With mortgage interest rates at an all-time high, now is a challenging time for buyers to purchase or refinance a home. There has always been the possibility of housing market crashes, which could spell disaster for both current and potential homeowners. For current homeowners, a housing market crash will likely mean depreciation of their homes causing them to lose equity in their property, this is negative equity. Also, mortgage interest rates are likely to quickly jump higher should a crash occur, leaving the homeowner on the hook for making payments at higher rates and facing expensive refinancing or even not being able to afford their repayments. For potential buyers contemplating entering the market, a crash could make buying more expensive due to sudden shifts in mortgage interest rates and drive up prices of certain housing markets as opportunities become scarcer. Homeowners and buyers alike need to be aware of these risks and be prepared if they face a dramatic change in the real estate market. We are here to help you understand these risks and can make a number of recommendations to help safe guard you in the medium to long term. If you have are currently behind on your mortgage payments or your budget shows you are going to face finical difficulties you should speak to your lender as soon as possible.

How to Protect Yourself from a Potential Housing Market Crash

To protect yourself from a potential crash, it is wise to review fixed rate mortgage opportunities and consider debt consolidation options to make your monthly payments more manageable. it is vital that you use a mortgage broker such as Hello Mortgage to help you understand your options, your budget and the likely impact of further increases. If you decide that now is not the right time for you to invest in property, there are still steps you can take to make sure you are ready financially should you decide later on. We always recommend saving as much as possible towards your deposit. Low deposit mortgages do help you to get onto the property ladder but are more expensive and put you at a higher risk of negative equity should the housing market drop. Have a bigger deposit and keep your debt to a minimum is the golden goose when applying for a mortgage.

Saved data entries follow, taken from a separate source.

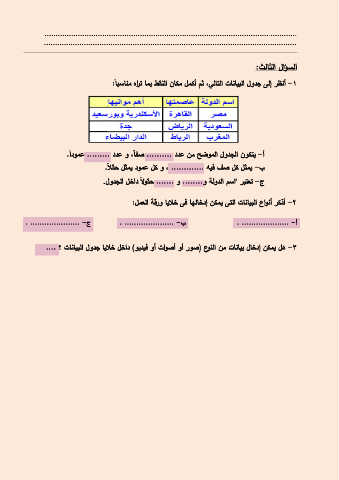 -1أنظر إلى جدول البيانات التالي ،ثم أكمل مكان النقط بما ت اره مناسباً: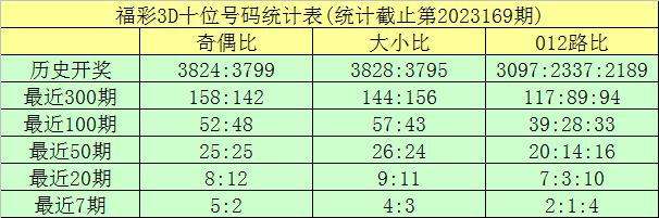 福彩3D第2023169期:奖号为:182。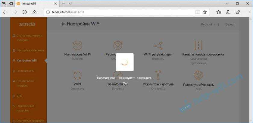 Роутер Tenda перезагрузится и начнет работу в качестве репитера. Это может занять несколько минут, так что будьте терпеливы.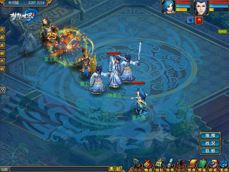 中州城是个繁华的大都市,是一个聚集了大量任务的场所。该地图有售货NPC(包含:交易中心、梦想币商人、杂货店、药店)、功能NPC(包含:张真人、领双人、燕小乙、宝图密探、帮派总管、铁匠)以及场景地图云梦泽、千魂塔一层、千魂塔二层。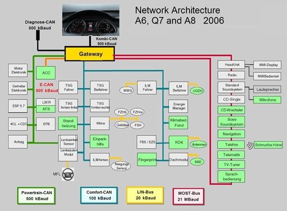 例如,可能會通過診斷用CAN總線來訪問每個單獨的ECU、詢問其狀態(tài)、讀取錯誤代碼,甚至刷新程序固件。如今,出于成本考慮,許多應(yīng)用中常常會共享傳感器。這意味著一個傳感器模塊的測量值將被幾個ECU處理。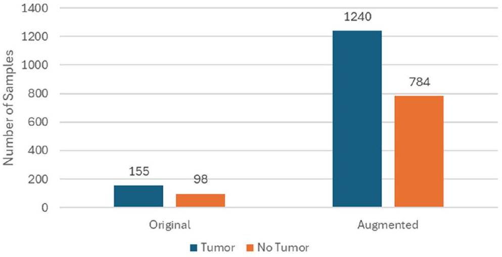 أورام الدماغ. من الضروري إزالة الصور التي تحتوي على عيوب، مثل ضبابية الحركة أو الضوضاء الناتجة عن الماسح الضوئي، لمنع النموذج من تعلم ميزات غير ذات صلة أو مضللة. تعزز مجموعات البيانات النظيفة قدرة النموذج على التعميم من خلال التعلم من صور عالية الجودة خالية من العيوب. توسيع البيانات، بما في ذلك التدوير، والانعكاس، والتغيير في الحجم، والتشوهات المرنة، يوسع مجموعة البيانات بشكل مصطنع ويقدم مجموعة متنوعة من التحولات التي قد يواجهها النموذج في سيناريوهات العالم الحقيقي. هذا مهم بشكل خاص لمهام التصوير الطبي، حيث يحاكي التباين في مظهر الورم وموقعه، مما يعزز قوة النموذج وقدرته على التعميم.

Final Thoughts on the Future of the Housing Market in 2023

Everyone wants a house, and 2023 is likely to be an exciting year for house-hunters. However, the changes with interest rates could still impact house prices, particularly if they rise higher than expected. When asking the question “is now a good time to buy a house?” you should consider not only the house prices at present, but also factors such as your deposit, your current debt levels and how you would afford your home should interest rates rise again. Despite all that speculation, we can expect that despite some fluctuations in house prices a crash like the one seen in 2007 is unlikely but there could still be turbulent times ahead.

The housing market for 2023 looks a uncertain. We can’t definitively say what will happen, and there are no sure-fire ways to protect your home from disruption in the market. However, it's important to be aware of the signs of a potential housing market crash, so that you are in the know should any shifts occur. While there is much debate over whether now is a good time to buy a home, it is best to perform research before making large financial decisions and to use a mortgage broker. If you have mortgage requirements or need advice on how to handle your safety net for this year’s housing market, contact us today so we can help guide you through these tumultuous times.

By making sure you are educated on current housing trends, doing research before making any decisions, and taking advantage of the skills and knowledge of our mortgage advisers, you can be confident that your 2023 home purchase will be an informed one. It is also important to consult with industry professionals such as Estate Agents when seeking advice or guidance on the best way to approach the ever-changing housing market.